Produce a verbatim copy of the following records, leaving out all pictures.

Data for review Block Start

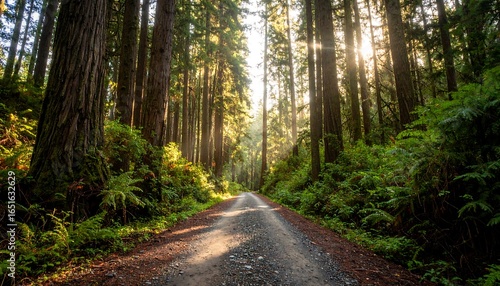 © Suaib, Obraz premium Sunlight streams through a redwood forest on a gravel road.
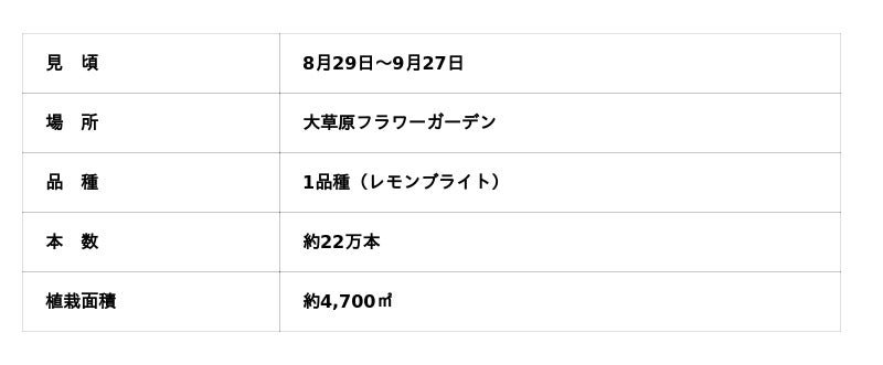 国営ひたち海浜公園の「大草原フラワーガーデン」では、鮮やかな黄色い花を咲かせるキバナコスモス“レモンブライト”が、8月29日から見頃を迎えています。澄んだ青空に映える鮮やかなレモンイエローの花々が一面に広がる様子は、来園者を夏から秋へと誘います。“レモンブライト”の見頃は、9月下旬頃まで続く見込みです。
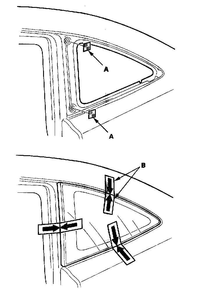 13. If the old quarter glass will be reinstalled (and either clip is broken off the molding), seal the body holes with pieces of urethane tape (A). Then set the quarter glass upright in the opening, and make alignment marks (B) across the quarter glass and body with a grease pencil at the three points shown. Be careful not to touch the quarter glass where adhesive will be applied.
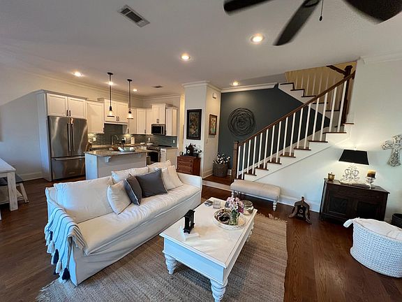 Create lasting beach memories in the beautiful gated community of Lakeside at Blue Mountain Beach. This stunning home is just one traffic light away from the beach, offering the perfect blend of convenience and luxury. With abundant natural light from windows and French doors throughout, this home features 4 bedrooms, 3.5 baths, hardwood floors, an open floor plan, and two covered porches ideal for relaxing and entertaining. It includes two master suites with custom-tiled showers. Enjoy neighborhood amenities such as a pool, playground, and access to state park trails, with the pristine sandy beaches and the Gulf of Mexico only 1/2 mile away. This is truly a beach home where your family can create memories to last a lifetime.
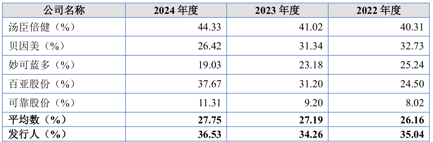 北交所在問(wèn)詢函中指出,2022年-2024年,英氏控股的嬰幼兒衛(wèi)生用品毛利率分別為28.12%、35.61%和41.66%,高于同行業(yè)可比公司平均水平(20%左右);米粉毛利率分別為68.40%、68.38%和66.56%,可比上市公司中,貝因美此類產(chǎn)品同期毛利率為11.05%、5.75%和24.69%。因此,其需要進(jìn)一步說(shuō)明毛利率與可比公司存在較大差異的原因及合理性,以及目前高毛利率是否穩(wěn)定可持續(xù)。

Data for review Block End

# [Reply to the task]
 © Suaib, Obraz premium Sunlight streams through a redwood forest on a gravel road.
 国営ひたち海浜公園の「大草原フラワーガーデン」では、鮮やかな黄色い花を咲かせるキバナコスモス“レモンブライト”が、8月29日から見頃を迎えています。澄んだ青空に映える鮮やかなレモンイエローの花々が一面に広がる様子は、来園者を夏から秋へと誘います。“レモンブライト”の見頃は、9月下旬頃まで続く見込みです。
 13. If the old quarter glass will be reinstalled (and either clip is broken off the molding), seal the body holes with pieces of urethane tape (A). Then set the quarter glass upright in the opening, and make alignment marks (B) across the quarter glass and body with a grease pencil at the three points shown. Be careful not to touch the quarter glass where adhesive will be applied.
 Create lasting beach memories in the beautiful gated community of Lakeside at Blue Mountain Beach. This stunning home is just one traffic light away from the beach, offering the perfect blend of convenience and luxury. With abundant natural light from windows and French doors throughout, this home features 4 bedrooms, 3.5 baths, hardwood floors, an open floor plan, and two covered porches ideal for relaxing and entertaining. It includes two master suites with custom-tiled showers. Enjoy neighborhood amenities such as a pool, playground, and access to state park trails, with the pristine sandy beaches and the Gulf of Mexico only 1/2 mile away. This is truly a beach home where your family can create memories to last a lifetime.
 北交所在問(wèn)詢函中指出,2022年-2024年,英氏控股的嬰幼兒衛(wèi)生用品毛利率分別為28.12%、35.61%和41.66%,高于同行業(yè)可比公司平均水平(20%左右);米粉毛利率分別為68.40%、68.38%和66.56%,可比上市公司中,貝因美此類產(chǎn)品同期毛利率為11.05%、5.75%和24.69%。因此,其需要進(jìn)一步說(shuō)明毛利率與可比公司存在較大差異的原因及合理性,以及目前高毛利率是否穩(wěn)定可持續(xù)。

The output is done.